Un festival Sandra Bullock en toda su extensión. Saltitos, mohines, risitas, aspavientos infantiles... Vaya, un poco de todo y siempre rozando el límite. Nunca antes la protagonista de Speed había interpretado con tanta naturalidad a una tontalculo mayúscula como en esta ocasión. No se trata de una mala interpretación, sino todo lo contrario. Vale la pena matizar y recalcar que la actriz borda un papel que desde hace años estaba pidiendo a gritos. Y es que nadie, como ella, podría haber dado vida a una mentecata tal con tan buenos resultados. Definitivamente, y vistos los resultados, este es el papel de su vida... ¡qué ni pintado!

No busquen mas en Loca Obsesión. Cuatro chistes sobre el mundo de los informativos televisivos, una docena de gags disfuncionales y paren ya de contar. Y allí, situada al frente de todo el cotarro y dispuesta a comerse al mundo, Ella (con mayúsculas): la Bullock-mema en minifalda, con botas de color rojo y un paraguas incorporado. ¡Ahí es ná!

17.2.10

Se montó la gorda

Negra; negrísima. Gorda; gordísima. Fea, feísima; de aspecto simiesco. Menor de edad y embarazada, por segunda vez, de su propio padre. A su primer hijo, deficiente mental, le llama cariñosamente Mongo. Como ven, la negra tiene la negra ¿Quién da más? Ella atiende por Precious, al igual que el título que da nombre a la película, el segundo trabajo como director de Lee Daniels, el mismo de Shadowboxer.

Todo un éxito de público y crítica en los Estados Unidos. La desgracia siempre vende, aunque sea de color negro. Y aún más si la desgracia posee el envoltorio típico de un telefilm de sobremesa: todo mascado y digerido. Ideal para consumo rápido; el sumum para el espectador menos exigente. Inexplicablemente, es la de mejor dirección una de sus seis nominaciones al Oscar (entre las que también se incluye la de mejor película)

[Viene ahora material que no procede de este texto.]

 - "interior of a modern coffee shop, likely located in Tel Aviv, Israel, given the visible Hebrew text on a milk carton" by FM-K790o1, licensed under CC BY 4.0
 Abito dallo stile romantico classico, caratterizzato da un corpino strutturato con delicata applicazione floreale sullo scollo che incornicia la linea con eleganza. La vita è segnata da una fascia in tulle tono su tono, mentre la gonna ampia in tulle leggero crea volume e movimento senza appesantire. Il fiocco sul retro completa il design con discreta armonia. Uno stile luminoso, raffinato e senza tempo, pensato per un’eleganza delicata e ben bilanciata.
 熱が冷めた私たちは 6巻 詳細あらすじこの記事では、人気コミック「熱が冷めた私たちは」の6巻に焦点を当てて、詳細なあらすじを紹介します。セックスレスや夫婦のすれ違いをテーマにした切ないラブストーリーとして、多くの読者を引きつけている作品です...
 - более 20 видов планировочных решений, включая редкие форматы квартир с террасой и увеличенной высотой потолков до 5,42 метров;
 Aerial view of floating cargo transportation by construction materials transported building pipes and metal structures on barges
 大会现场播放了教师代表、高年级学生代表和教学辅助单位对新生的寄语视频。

Su guión, igual y sorprendentemente nominado, está basado en la novela Push de la escritora y poetisa de color Sapphire; un guión que no es más que el cúmulo de fatalidades que rodean al pequeño universo de Precious y desde el que se intenta, al mismo tiempo y sin buenos resultados, urdir un retrato sociológico del Harlem actual. El cine pro Obama ya se ha abierto un huequecito definitivo en los circuitos comerciales del mundo entero.

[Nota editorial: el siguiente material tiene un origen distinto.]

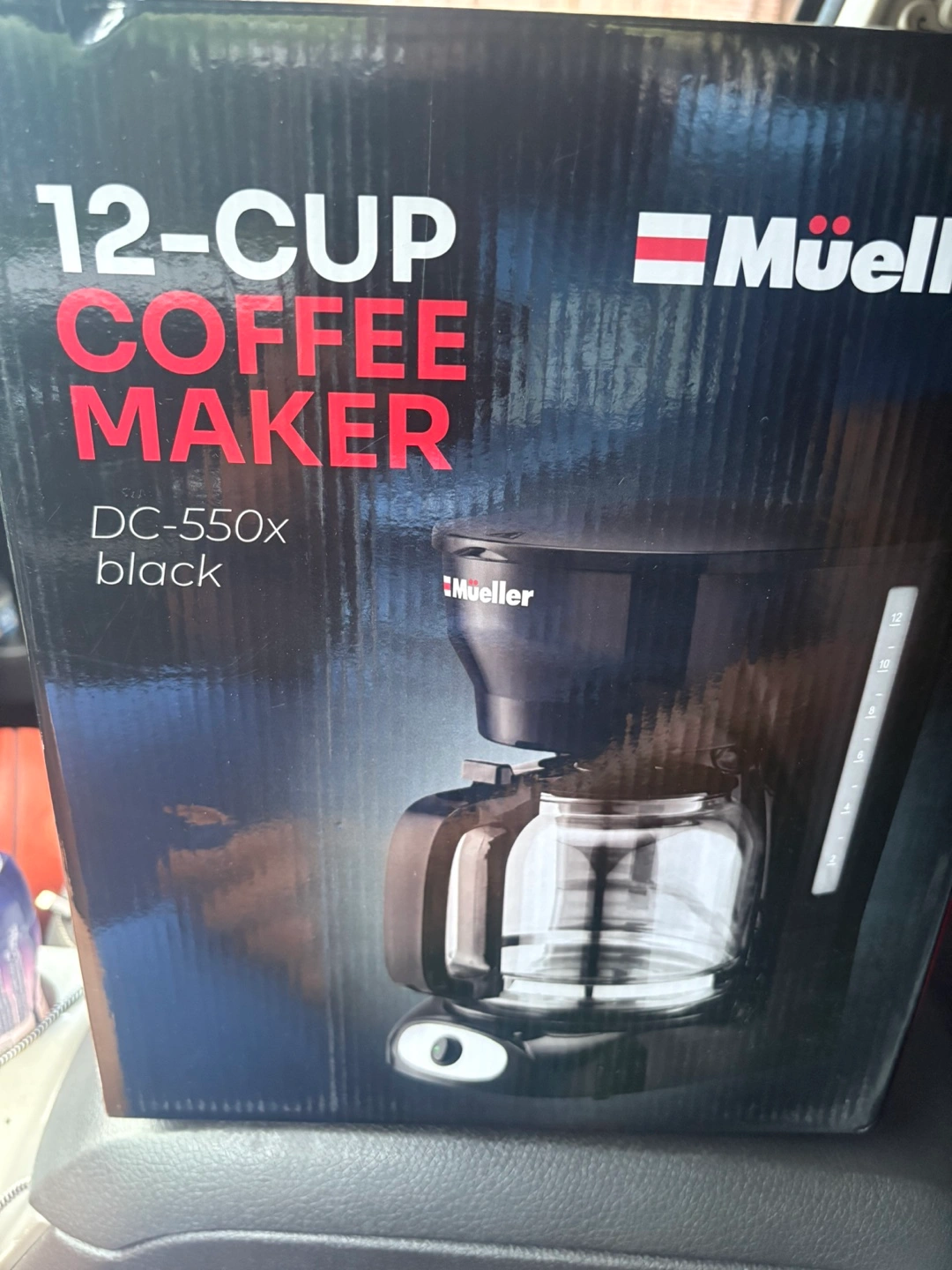 Selling a Mueller 12-Cup Coffee Maker, model DC-550x in black. It features a rich and flavorful brew, a durable permanent filter, and a smart anti-drip system. The clear water level window makes it easy to fill, and the auto keep warm function and 2-hour auto shut-off add convenience. Brew up to 12 cups at a time! Box included

Como ya es habitual en la última hornada de melodramas llegados de los EE.UU (y por muy independientes que éstos sean), más que una historia bien hilvanada se trata de un extenso catálogo de tópicos, amontonados uno sobre el otro sin orden ni concierto. Tanto es así que la única persona dispuesta a ayudar a Precious a salir de su aislamiento social es su guapa profesora, una mujer lesbiana y de color que comparte su vida con otra chica de su condición. ¡Que bonito y emotivo resulta cuando los parias y los desheredados se juntan para luchar a favor de una buena causa!

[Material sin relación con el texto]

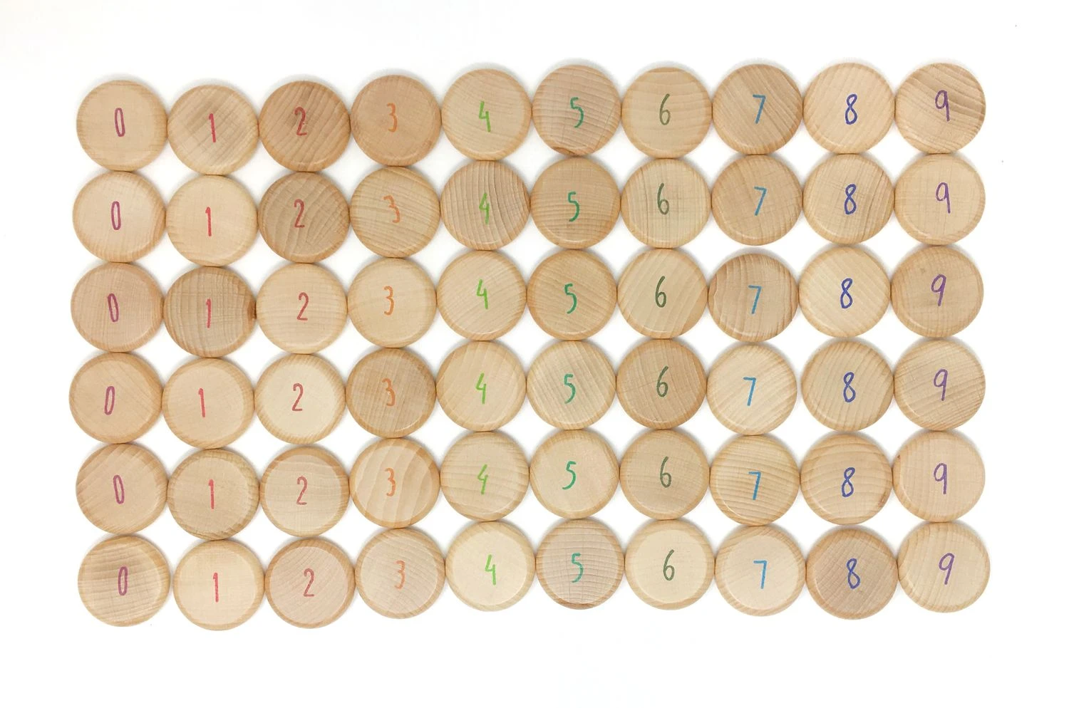 Inhalt: 60 Scheiben mit Zahlen, 1 Tasche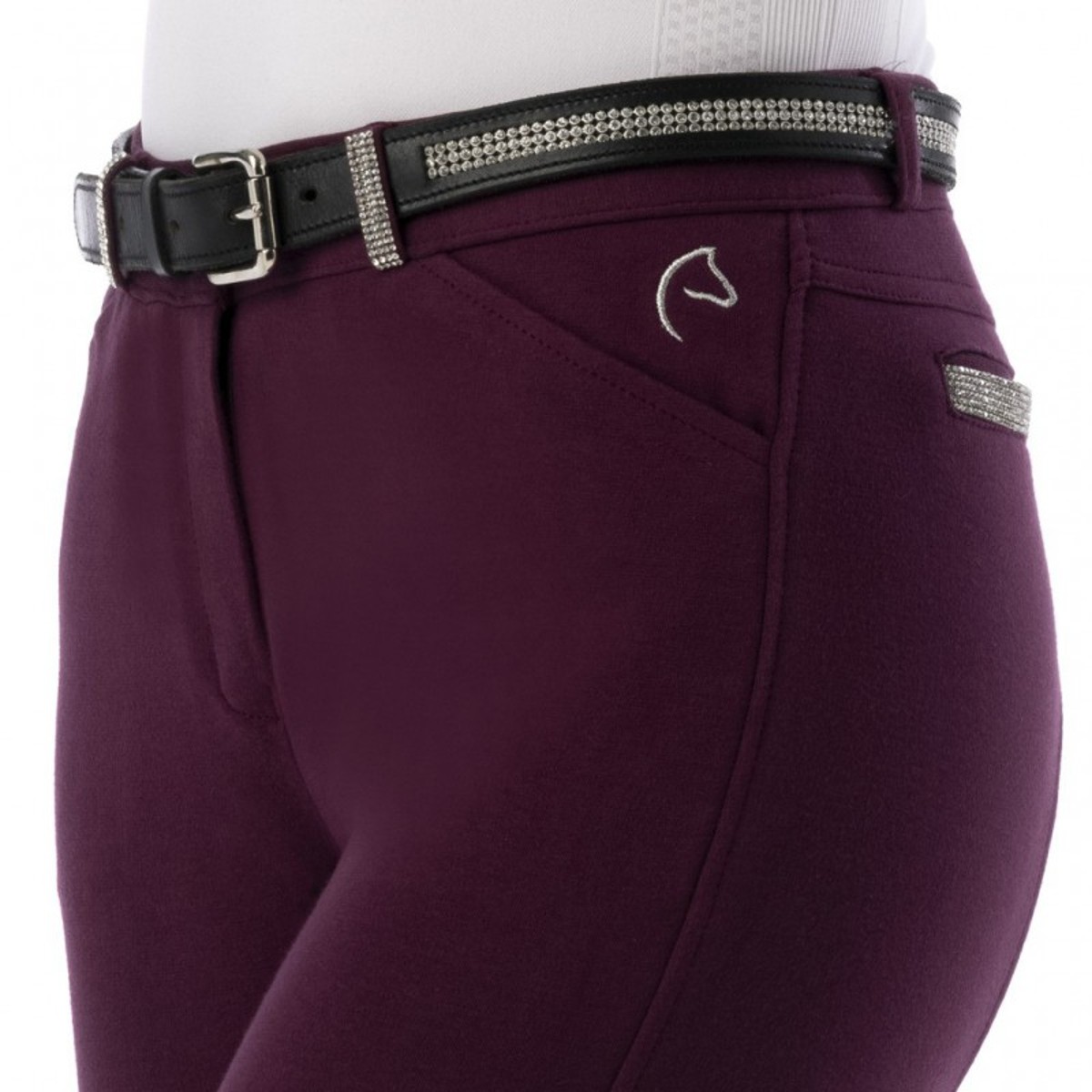 Удобные бриджи с полной силиконовой леей, которые шикарно выглядят благодаря поясу со шлевками и имитационным задним карманам со стразами. Из эластичного хлопка прямого кроя. Передние косые карманы. Машинная стирка при 30°C.

Una historia sin sorpresas. La adversidad es el sino de Precious. Nunca da un paso hacia delante; siempre va hacia atrás. Y, cuando logra encaminarse un poco, le cae otro chaparrón encima. Todo sabe a déjà vu. Incluso, en este aspecto, no pilla a nadie desprevenido cuando el personaje hace de tripas corazón y empieza a afrontar el futuro con esperanzadoras perspectivas. El esfuerzo siempre lleva a la superación. La moraleja es la principal finalidad del film de Lee Daniels. Séame usted feliz con su vida de mierda porque, cuando esté a punto de darse el último batacazo, saldrá del bache en el que ha caído... aunque siga siendo gorda, fea, se la hayan metido por todos los agujeros y su salud cuelgue de un delgadísimo hilo.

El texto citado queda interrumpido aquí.